Yeah, Benefits and Insurance. Yeah, I'm sorry. The gross margin there was very solid 20.6% in Q3 and I'm just -- it's usually lower in Q4. But from an annual perspective trying to figure out if a 20% threshold on gross margin there is possible and kind of what it would take to get there..

Ware Grove Senior Vice President & Chief Financial Officer

Yeah. We're not going to identify any particular ceiling or threshold and we're going to continue to strive to get more scale and leverage in each and every business. We do that through a variety of ways.

So in both B&I and in Financial Services, we should see a continued just like I commented on G&A we should see a continued leverage maybe not a steady leverage each and every year because of periodic investments.

But we'll just recap that by saying in total we should expect and we expect 20 basis points to 50 basis points a year and it comes from multiple sources..

Chris Moore

Got it. I'll leave it there. Appreciate it, guys..

Operator

[Operator Instructions] Our next question will come from Andrew Nicholas with William Blair. Please go ahead..

Andrew Nicholas

Hi. Good morning. Thanks for taking my question. First one I wanted to ask is just around the project-based services and advisory services in particular. I appreciate the color in the prepared remarks around on some of the things that you're seeing there.

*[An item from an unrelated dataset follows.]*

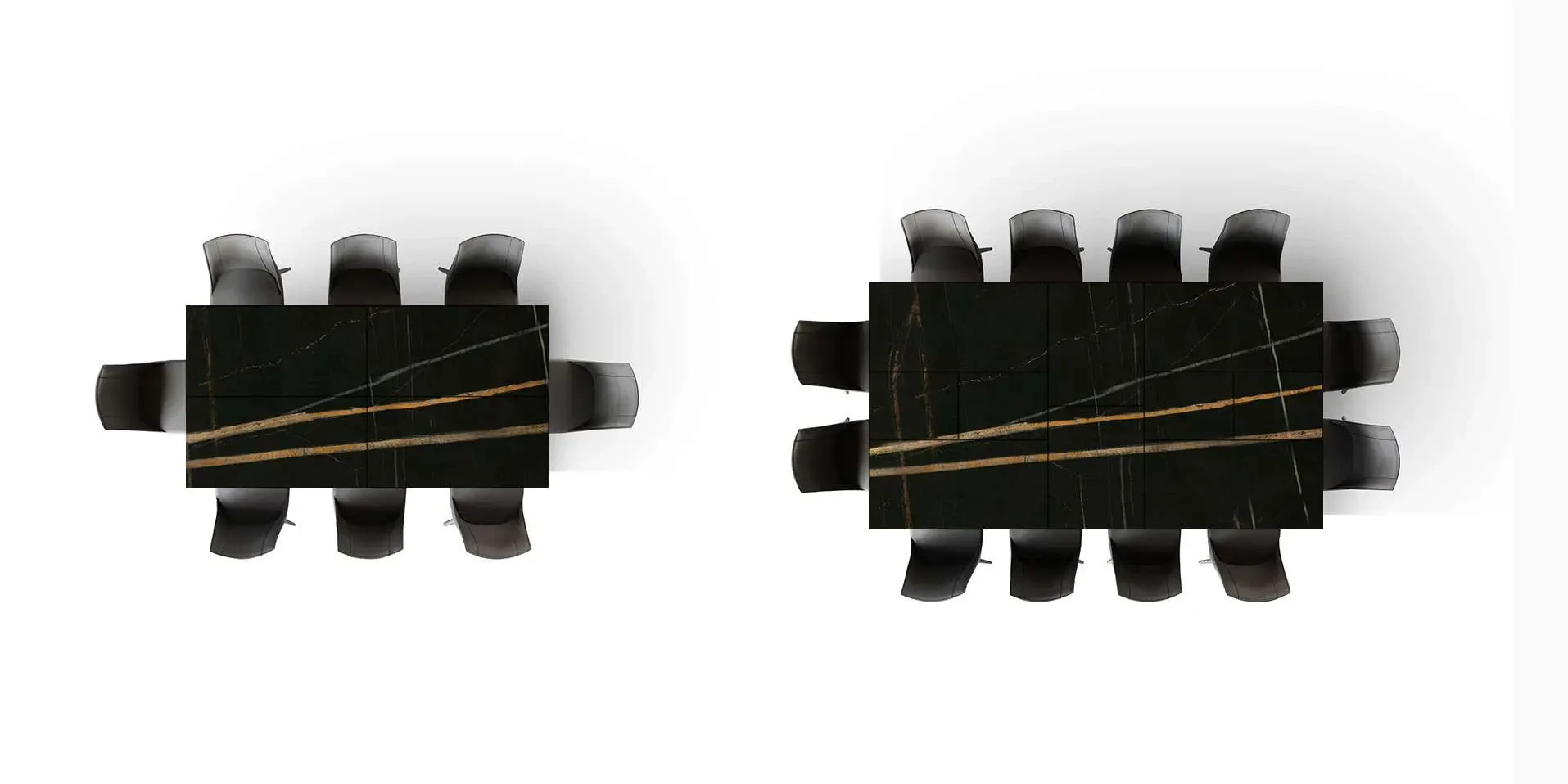 L innovativo tavolo 4×4 dispone di un sistema di apertura esclusivo, in grado di estendersi sia in larghezza che in lunghezza. Infatti, 4×4 adotta un meccanismo basato sullo scorrimento geometrico dei piani che consente di passare da cm 200×100 nella versione chiusa a un estensione di cm 254x138 quando è aperto.

But if you could just speak a bit more to the pipeline for fourth quarter and maybe more broadly on the health of your clients in that industry as we look ahead to potentially more macroeconomic uncertainty in 2024?.

Jerry Grisko

Yeah. Andrew, this is Jerry. As you know, there's a number of different businesses that comprise our advisory services and they serve different clients. Oftentimes when we talk about our advisory services a lot of our discussion is around our private equity group. So let me start there.

As we mentioned in our remarks, what we're seeing this year compared to last year -- and by the way we're very pleased with the results that we're seeing albeit it's coming in -- in a little bit of a different form last year and the year before with the very hot M&A market frothy M&A market we tended to see fewer but much larger transactions and we are working on those platform type transactions.

This year, we're pleased to see again strong demand albeit smaller projects for a much larger number of engagements. So it's just coming in a different form. When you look forward you asked about Q4 and into 2024, it's very hard for us to really predict. As you know that, work is project-based.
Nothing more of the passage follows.